Harold W. Kennedy, County Counsel, and Donald K. Byrne, Deputy County Counsel, for Respondent.
No appearance for Real Parties in Interest.
Petitioners, two minors both under the age of 14 years, by their guardian ad litem seek a writ of prohibition to restrain the Superior Court of Los Angeles County from proceeding against them in an action in which they are named as defendants, claiming that they were not properly served as such defendants.
In the subject superior court action John and Marion Graniczny appear as plaintiffs and the two minor petitioners and their parents, Arlo and Helen Jean Miller, are all named as defendants. Prior to October 18, 1960, each of the parents Arlo and Helen Jean was served with summons and complaint and on October 18, 1960, they filed their answer in the action in response to such service.
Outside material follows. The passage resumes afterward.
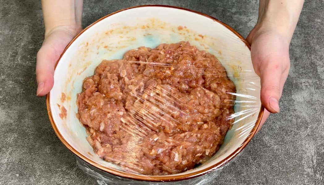 4. До фаршу вливаємо остиглий бульйон, ще раз ретельно все перемішуємо, накриваємо харчовою плівкою і прибираємо в холодильник на 6-8 годин.

"On Thursday, December 15, 1960" (quoting from the affidavit of the father Arlo Miller, filed in the superior court in support of a motion to quash the service of summons upon the minor defendants) "a man representing himself to be a process server left with me a copy of the Summons and Complaint in the above-entitled action, and indicated that he was serving me as Defendant Arlo Miller. He also: (1) left a copy of the Summons and Complaint with my minor son, Mark Miller, stating that he was serving him as Defendant Mark Miller; (2) left a copy of the Summons and Complaint with my minor son, Lowell Miller, stating he was serving him as Defendant Lowell Miller; and (3) left a copy of the Summons and Complaint with my wife, Helen Jean Miller, stating that he was serving her as Defendant Helen Jean Miller, sued herein as Jane Doe Miller." The superior court denied the motion to quash upon this showing, and the question presented to us in this proceeding is whether it committed error in doing so.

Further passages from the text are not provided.